Exercise description: Set out exactly, and only, the lines running from the one containing "- 日焼けによるしみ、そばかすを防ぐ。 水のようななめらかな使用感。" to the bottom of the listing below; pictures stay out.

Given data:
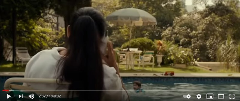 Figura 7 – Print do filme Que horas ela volta?. Cena do prólogo de abertura do filme, em que Val observa Fabinho na piscina, ainda criança, enquanto tenta falar com a filha ao telefone. Fonte: Filme Que horas ela volta, 2015.
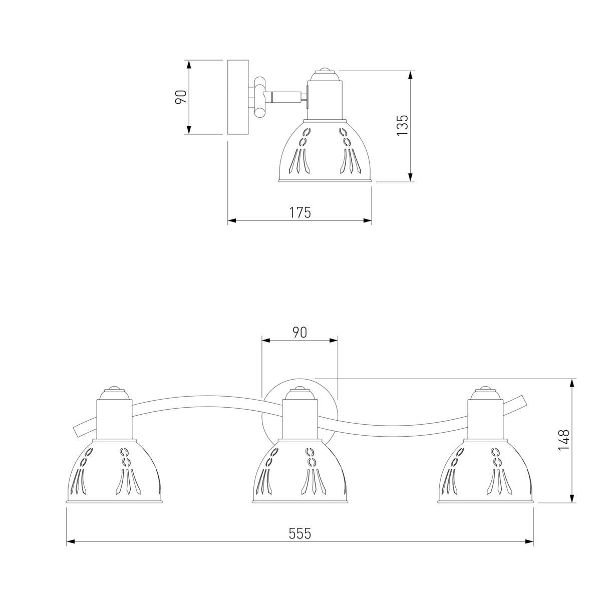 Для спота необходима 3 лампы накаливания 40 W и цоколем E14. Габариты изделия: высота – 150 мм, диаметр – мм.
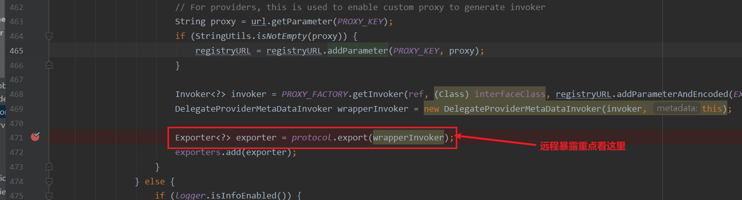 而且根据下图中444行,可以知道dubbo暴露服务是可以支持多个协议的,也就是每一种协议都会暴露一份(我们组态档只配置了dubbo协议)
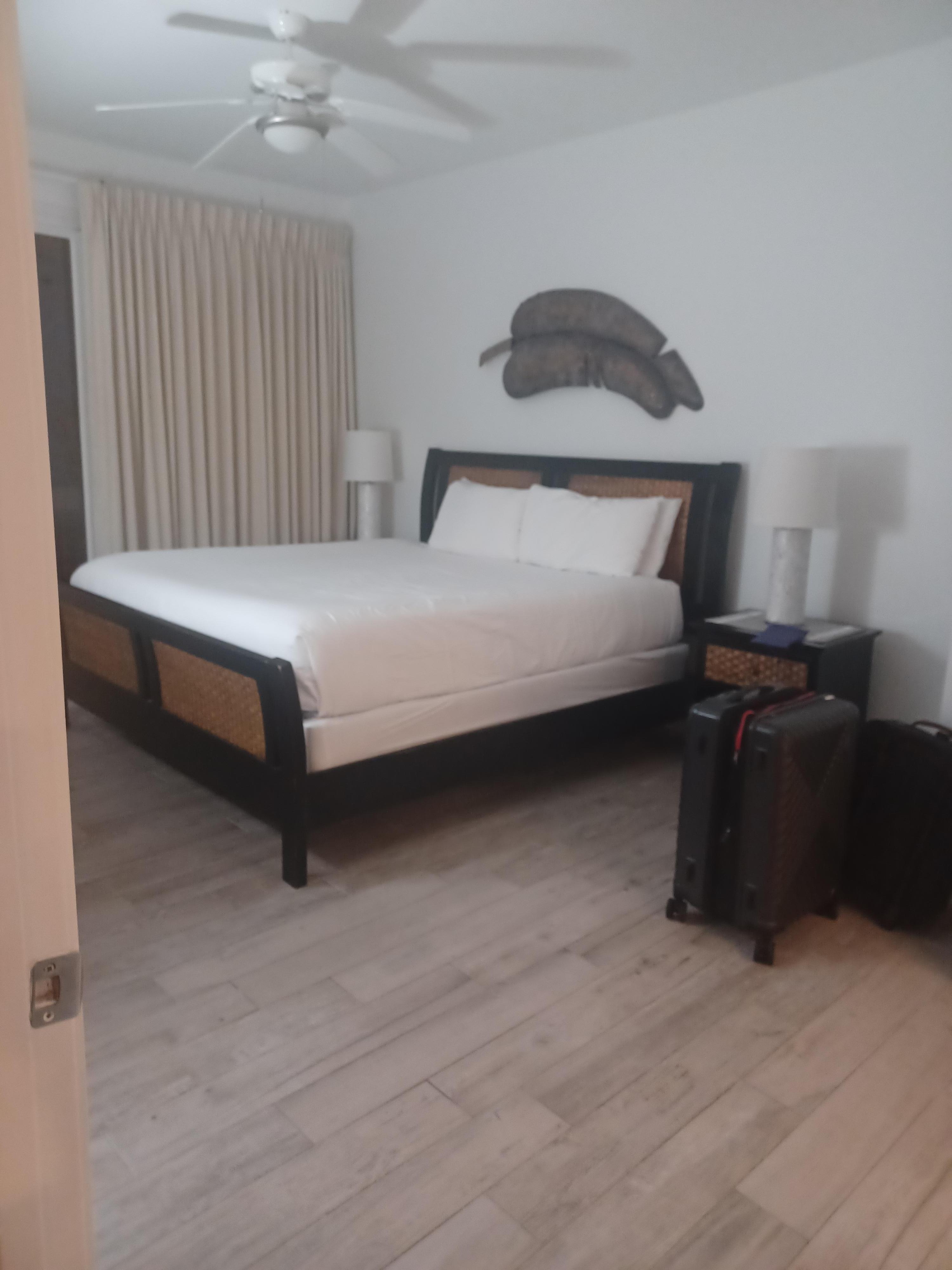 Many of the unit's furnishings are at the end of their life, i.e. the stove eyes took a long time to heat up; the refrigerator froze most of our food; the owner's suite bed was very uncomfortable; the owners suite bathroom faucet is loose; the area rugs are filthy, with the living room rug curling on the corner causing a trip hazzard; the non-stick pans caused everything to stick. Photos show the unit as beautiful; however, upon closer look, it is time for a refresh.
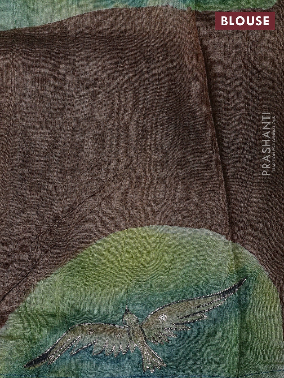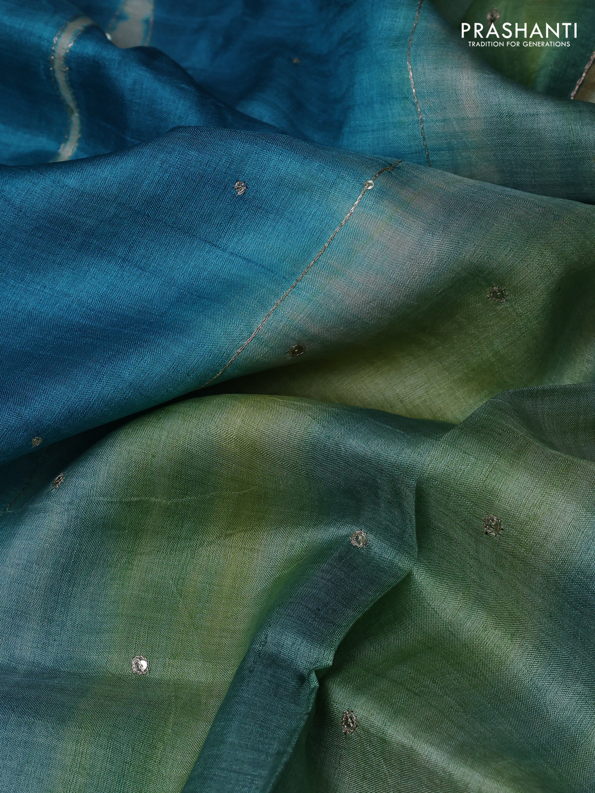 Pure tussar silk saree teal blue and green shade with tie & dye prints and pita work pallu
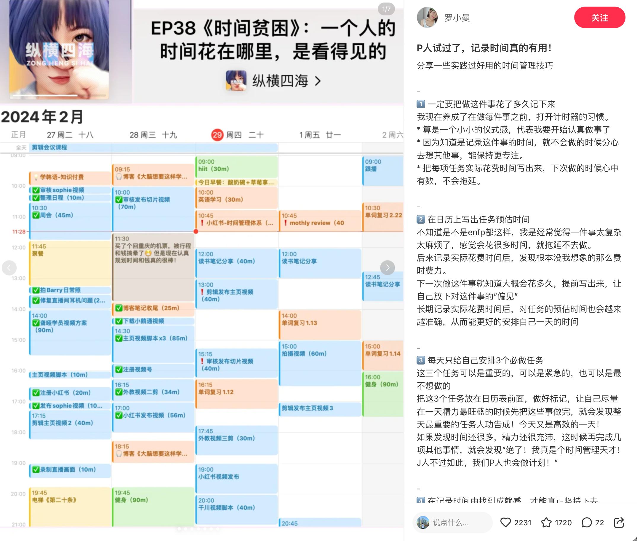以罗小曼为例,她完全可以围绕"时间管理 + 效率提升"的标签,开发:
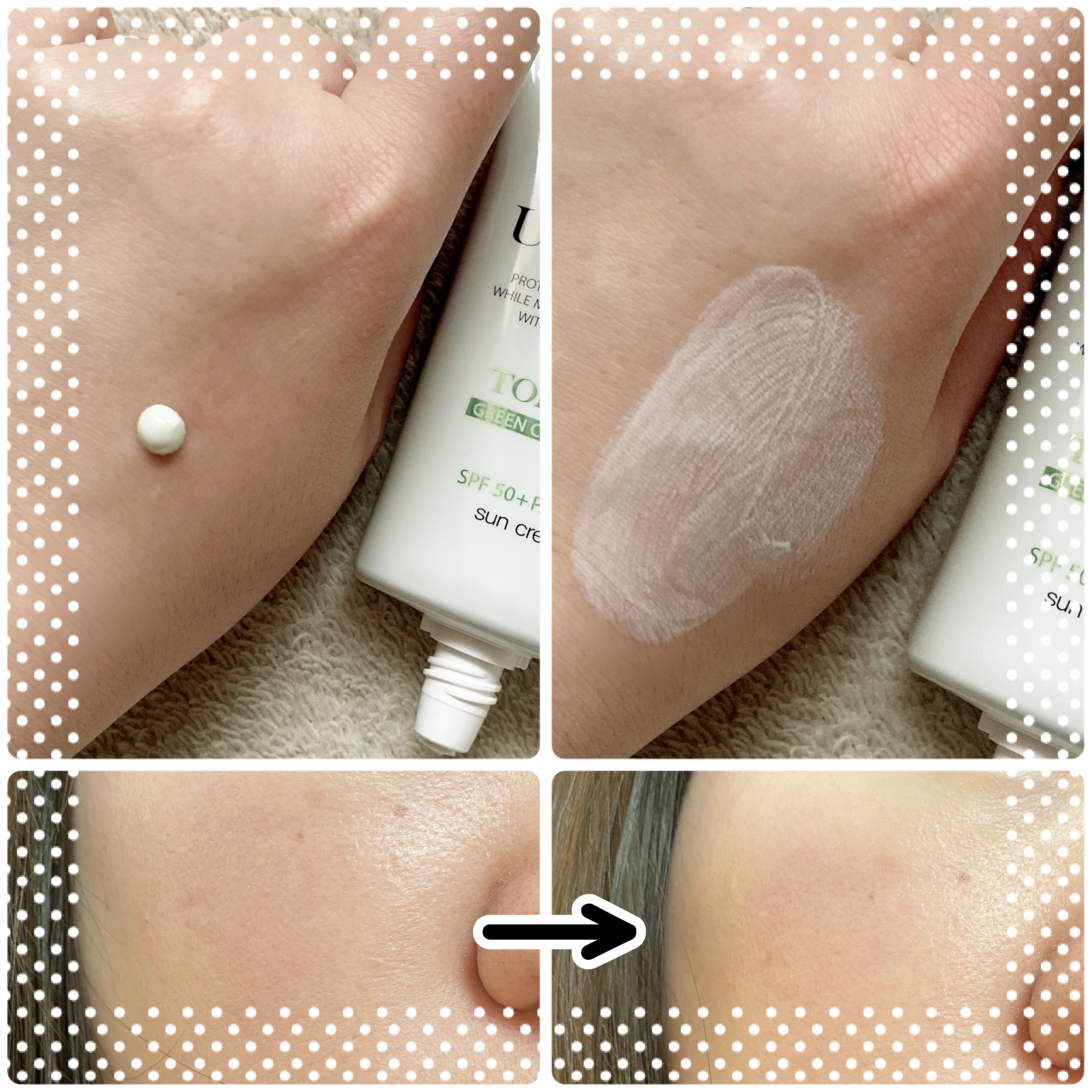 - 日焼けによるしみ、そばかすを防ぐ。 水のようななめらかな使用感。 ムラのない均一トーンに補正する日焼け止めクリーム。 SPF50+ PA++++ 日焼け止めの特有なべたべた感が苦手な方、日焼け止め、下地を一つで解決したい方におすすめです。 赤みの気になる部分へ塗布していただくと、ムラのない均一トーンに。※ 軽いテクスチャーでしっとりとした塗り心地。 ※メイクアップ効果による
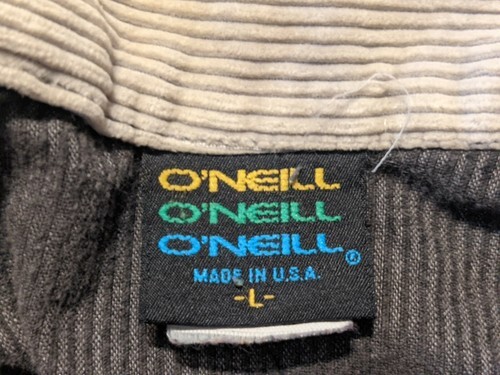 Zum Verkauf steht eine gebrauchte, nicht missbrauchte Vintage O'Neill Corduroy Button Langarmjacke aus den 1990er Jahren in Schwarz, Grau, L USA.

Solution for this exercise:
 - 日焼けによるしみ、そばかすを防ぐ。 水のようななめらかな使用感。 ムラのない均一トーンに補正する日焼け止めクリーム。 SPF50+ PA++++ 日焼け止めの特有なべたべた感が苦手な方、日焼け止め、下地を一つで解決したい方におすすめです。 赤みの気になる部分へ塗布していただくと、ムラのない均一トーンに。※ 軽いテクスチャーでしっとりとした塗り心地。 ※メイクアップ効果による
 Zum Verkauf steht eine gebrauchte, nicht missbrauchte Vintage O'Neill Corduroy Button Langarmjacke aus den 1990er Jahren in Schwarz, Grau, L USA.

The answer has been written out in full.